- ABOUT THIS TASK -
Output every line below as it stands, dropping only the images.

- PROVIDED DATA -

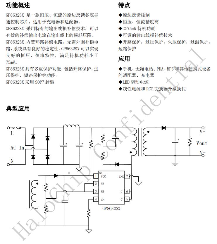 原邊反饋控制恒壓、恒流精度高≦75mW待機(jī)功耗可調(diào)的輸出線損補(bǔ)償技術(shù)開路保護(hù),過壓保護(hù),欠壓保護(hù),過溫保護(hù),短路保護(hù)
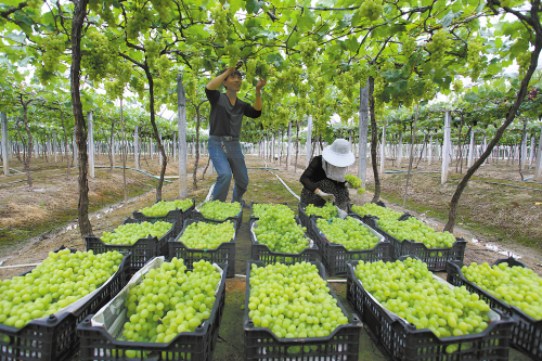 今年,“中国大棚葡萄之乡”温岭五万多亩大棚葡萄获得丰收,每亩收入两万元左右。图为5月20日,新河镇上莫村村民正在采摘葡萄。
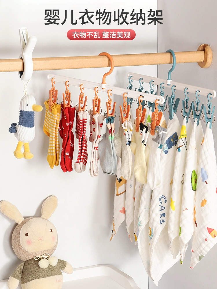 Infant mouth towel, wardrobe hat, storage and organizational artifact multi -function hook free punching baby socks wall -mounted

- TASK ANSWER -
 原邊反饋控制恒壓、恒流精度高≦75mW待機(jī)功耗可調(diào)的輸出線損補(bǔ)償技術(shù)開路保護(hù),過壓保護(hù),欠壓保護(hù),過溫保護(hù),短路保護(hù)
 今年,“中国大棚葡萄之乡”温岭五万多亩大棚葡萄获得丰收,每亩收入两万元左右。图为5月20日,新河镇上莫村村民正在采摘葡萄。
 Infant mouth towel, wardrobe hat, storage and organizational artifact multi -function hook free punching baby socks wall -mounted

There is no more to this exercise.